Some examples of the data were provided: standard live broadcast on a TV set still remains the most favoured way to view TV. Even amongst Makro customers who average 2.5 ways to watch TV this remains true. They are however particularly partial to watching TV or movie clips or entire shows streamed on sites like YouTube, Vimeo etc and over 40% use internet subscriptions of TV e.g. Netflix, Showmax, Amazon Prime, etc. YouTube is the dominant online source for tv/movies with Netflix and Showmax falling into second and third places respectively.
A day in the life graph was used to show the activity by platform by daypart of online adults; unsurprisingly this painted a compelling picture for reading. This pitch was supported by graph showing that most people watch tv and use the internet at same time, mostly using their smartphones.

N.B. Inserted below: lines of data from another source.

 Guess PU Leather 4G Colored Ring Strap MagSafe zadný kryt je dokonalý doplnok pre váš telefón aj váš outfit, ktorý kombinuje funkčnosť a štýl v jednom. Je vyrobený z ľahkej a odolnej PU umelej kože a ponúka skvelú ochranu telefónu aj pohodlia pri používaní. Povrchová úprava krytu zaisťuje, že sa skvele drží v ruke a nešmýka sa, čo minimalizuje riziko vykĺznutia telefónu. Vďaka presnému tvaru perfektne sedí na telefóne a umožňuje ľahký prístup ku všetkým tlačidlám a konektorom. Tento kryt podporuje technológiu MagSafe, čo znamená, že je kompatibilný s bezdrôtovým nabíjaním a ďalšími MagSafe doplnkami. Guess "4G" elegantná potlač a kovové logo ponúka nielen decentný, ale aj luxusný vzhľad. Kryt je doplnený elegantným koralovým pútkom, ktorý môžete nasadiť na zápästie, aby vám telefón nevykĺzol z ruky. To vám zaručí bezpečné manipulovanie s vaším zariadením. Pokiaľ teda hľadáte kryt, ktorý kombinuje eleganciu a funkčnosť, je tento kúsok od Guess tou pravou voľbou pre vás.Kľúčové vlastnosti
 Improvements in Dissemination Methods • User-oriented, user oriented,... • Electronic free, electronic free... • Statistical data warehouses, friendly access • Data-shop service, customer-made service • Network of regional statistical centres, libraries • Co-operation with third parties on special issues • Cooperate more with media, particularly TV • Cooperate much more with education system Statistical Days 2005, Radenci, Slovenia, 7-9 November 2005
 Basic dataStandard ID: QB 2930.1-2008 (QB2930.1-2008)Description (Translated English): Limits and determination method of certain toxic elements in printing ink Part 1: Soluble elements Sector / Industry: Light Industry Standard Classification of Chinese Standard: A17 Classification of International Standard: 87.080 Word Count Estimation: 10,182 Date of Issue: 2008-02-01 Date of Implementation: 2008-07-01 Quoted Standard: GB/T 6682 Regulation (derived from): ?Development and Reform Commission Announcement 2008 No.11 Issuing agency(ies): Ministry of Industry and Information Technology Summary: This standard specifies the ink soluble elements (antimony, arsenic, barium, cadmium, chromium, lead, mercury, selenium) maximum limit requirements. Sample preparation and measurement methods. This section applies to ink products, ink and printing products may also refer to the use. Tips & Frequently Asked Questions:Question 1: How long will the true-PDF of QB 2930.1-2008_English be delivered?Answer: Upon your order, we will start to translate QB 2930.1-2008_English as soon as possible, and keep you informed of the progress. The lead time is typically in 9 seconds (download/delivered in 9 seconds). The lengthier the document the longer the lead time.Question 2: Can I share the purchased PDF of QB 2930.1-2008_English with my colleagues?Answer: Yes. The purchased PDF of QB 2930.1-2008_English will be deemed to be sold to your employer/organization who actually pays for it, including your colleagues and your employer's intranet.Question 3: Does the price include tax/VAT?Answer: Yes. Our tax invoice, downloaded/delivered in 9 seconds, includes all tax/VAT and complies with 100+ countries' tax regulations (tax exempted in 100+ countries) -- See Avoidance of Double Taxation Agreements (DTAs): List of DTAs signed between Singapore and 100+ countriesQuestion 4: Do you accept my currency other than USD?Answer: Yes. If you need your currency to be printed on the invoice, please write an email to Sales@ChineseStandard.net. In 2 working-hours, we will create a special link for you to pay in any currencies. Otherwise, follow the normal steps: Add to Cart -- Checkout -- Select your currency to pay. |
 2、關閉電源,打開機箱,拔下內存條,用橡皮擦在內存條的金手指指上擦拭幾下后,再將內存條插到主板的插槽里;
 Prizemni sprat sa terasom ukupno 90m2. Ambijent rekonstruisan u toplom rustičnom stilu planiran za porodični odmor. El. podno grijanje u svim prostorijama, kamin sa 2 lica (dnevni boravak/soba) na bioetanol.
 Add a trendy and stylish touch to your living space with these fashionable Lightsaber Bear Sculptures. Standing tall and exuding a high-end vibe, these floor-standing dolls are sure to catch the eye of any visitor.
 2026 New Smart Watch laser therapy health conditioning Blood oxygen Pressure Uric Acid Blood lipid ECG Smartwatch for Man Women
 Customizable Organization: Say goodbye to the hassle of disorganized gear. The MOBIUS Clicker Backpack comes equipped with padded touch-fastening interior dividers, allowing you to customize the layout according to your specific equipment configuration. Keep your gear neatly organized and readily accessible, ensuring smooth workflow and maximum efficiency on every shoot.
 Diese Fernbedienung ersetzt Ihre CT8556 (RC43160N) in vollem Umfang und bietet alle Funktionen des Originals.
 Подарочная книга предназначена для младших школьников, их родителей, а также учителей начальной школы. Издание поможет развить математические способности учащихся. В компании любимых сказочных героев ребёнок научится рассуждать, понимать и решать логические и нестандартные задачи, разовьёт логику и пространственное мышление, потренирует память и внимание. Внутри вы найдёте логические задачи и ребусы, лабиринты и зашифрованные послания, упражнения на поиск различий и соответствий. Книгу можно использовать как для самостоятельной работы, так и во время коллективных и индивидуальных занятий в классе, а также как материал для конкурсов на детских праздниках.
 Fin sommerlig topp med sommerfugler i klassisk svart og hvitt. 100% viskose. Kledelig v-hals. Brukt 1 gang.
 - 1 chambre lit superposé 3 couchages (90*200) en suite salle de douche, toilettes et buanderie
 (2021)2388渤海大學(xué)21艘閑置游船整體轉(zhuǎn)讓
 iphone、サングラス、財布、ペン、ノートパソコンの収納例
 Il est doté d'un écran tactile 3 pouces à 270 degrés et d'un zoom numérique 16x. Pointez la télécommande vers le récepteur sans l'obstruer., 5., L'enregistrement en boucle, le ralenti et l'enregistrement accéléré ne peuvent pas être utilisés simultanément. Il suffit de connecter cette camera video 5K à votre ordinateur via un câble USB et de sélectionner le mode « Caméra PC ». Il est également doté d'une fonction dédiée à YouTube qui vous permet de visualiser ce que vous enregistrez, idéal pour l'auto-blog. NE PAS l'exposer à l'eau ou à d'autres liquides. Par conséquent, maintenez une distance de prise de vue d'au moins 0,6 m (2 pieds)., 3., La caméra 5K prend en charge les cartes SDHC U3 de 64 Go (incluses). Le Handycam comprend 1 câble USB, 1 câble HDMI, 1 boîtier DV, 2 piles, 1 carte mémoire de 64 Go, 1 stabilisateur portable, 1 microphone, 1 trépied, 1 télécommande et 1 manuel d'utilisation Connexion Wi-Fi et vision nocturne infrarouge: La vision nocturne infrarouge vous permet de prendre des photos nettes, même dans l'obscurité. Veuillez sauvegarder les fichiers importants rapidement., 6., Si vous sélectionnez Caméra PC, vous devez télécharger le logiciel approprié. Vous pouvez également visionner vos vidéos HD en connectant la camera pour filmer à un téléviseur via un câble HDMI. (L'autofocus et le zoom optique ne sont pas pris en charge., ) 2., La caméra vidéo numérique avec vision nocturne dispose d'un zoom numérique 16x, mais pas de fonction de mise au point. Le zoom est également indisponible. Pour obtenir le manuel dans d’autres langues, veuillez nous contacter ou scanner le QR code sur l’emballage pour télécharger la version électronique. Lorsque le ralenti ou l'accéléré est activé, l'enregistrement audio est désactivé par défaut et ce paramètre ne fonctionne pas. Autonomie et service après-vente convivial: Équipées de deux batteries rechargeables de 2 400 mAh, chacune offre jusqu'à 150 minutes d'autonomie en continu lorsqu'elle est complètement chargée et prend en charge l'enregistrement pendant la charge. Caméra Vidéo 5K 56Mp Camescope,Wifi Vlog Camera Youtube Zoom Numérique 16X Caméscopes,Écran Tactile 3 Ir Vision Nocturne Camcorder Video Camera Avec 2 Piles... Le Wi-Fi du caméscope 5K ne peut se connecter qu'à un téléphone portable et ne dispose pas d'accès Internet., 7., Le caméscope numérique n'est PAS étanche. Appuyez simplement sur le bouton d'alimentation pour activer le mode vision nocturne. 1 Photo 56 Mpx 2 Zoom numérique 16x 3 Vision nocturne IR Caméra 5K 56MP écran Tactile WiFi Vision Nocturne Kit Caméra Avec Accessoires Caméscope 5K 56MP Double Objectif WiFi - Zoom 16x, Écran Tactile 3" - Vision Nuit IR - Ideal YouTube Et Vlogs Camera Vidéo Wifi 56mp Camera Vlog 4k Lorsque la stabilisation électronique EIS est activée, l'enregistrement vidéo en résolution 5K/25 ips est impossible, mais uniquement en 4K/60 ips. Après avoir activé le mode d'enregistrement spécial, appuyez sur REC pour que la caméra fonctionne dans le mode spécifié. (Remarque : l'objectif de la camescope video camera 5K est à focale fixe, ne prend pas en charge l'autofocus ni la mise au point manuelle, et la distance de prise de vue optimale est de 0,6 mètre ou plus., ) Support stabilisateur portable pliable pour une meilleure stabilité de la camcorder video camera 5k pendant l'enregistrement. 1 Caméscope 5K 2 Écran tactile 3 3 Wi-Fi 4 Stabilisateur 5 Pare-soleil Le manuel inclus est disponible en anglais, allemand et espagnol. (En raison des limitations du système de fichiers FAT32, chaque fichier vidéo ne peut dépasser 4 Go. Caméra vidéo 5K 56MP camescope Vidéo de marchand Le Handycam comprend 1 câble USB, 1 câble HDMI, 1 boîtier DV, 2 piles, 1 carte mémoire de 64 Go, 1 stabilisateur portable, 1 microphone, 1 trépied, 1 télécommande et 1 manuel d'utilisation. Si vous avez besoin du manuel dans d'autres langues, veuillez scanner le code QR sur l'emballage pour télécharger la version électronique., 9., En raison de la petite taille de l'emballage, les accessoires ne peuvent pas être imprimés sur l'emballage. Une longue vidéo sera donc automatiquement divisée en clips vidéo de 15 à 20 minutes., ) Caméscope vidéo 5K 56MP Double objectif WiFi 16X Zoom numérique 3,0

A slide from Kantar TNS’s 2017 Media Engagement Study, showed by contrast, that the quality of readers attention is focussed.
The PRC has more developments on the pipeline: in April the new 15,000 PAMS 2019 survey will be released. Pilot fusions with Brand Mapp and Narratiive digital data have been tested. The intention is to add the Narratiive data every 3 months via an adaption of fusion called stacking to provide information on the titles’ constantly growing digital audiences. It is also possible for agencies and marketers to fuse their own bespoke surveys with the PRC studies. CEO, Josephine Buys indicated that a ballpark figure for such an exercise would be between R250 000 and R360 000.
Certainly, the PRC has been eminently forward thinking and there is a remarkable amount of data which can be put to good use by the industry. However, there is one area that does give me cause for concern, that of weighting. When analysing data from the categories/brands in PAMS any weight can be used, but when working with categories/brands in PAMS BRANDS household weights must be used, and when using some of the questions in PPP you must use a matched universe i.e. code past month internet access. The PRC needs to ensure that all potential data users, not all of whom will have attended the presentations are educated about these parameters.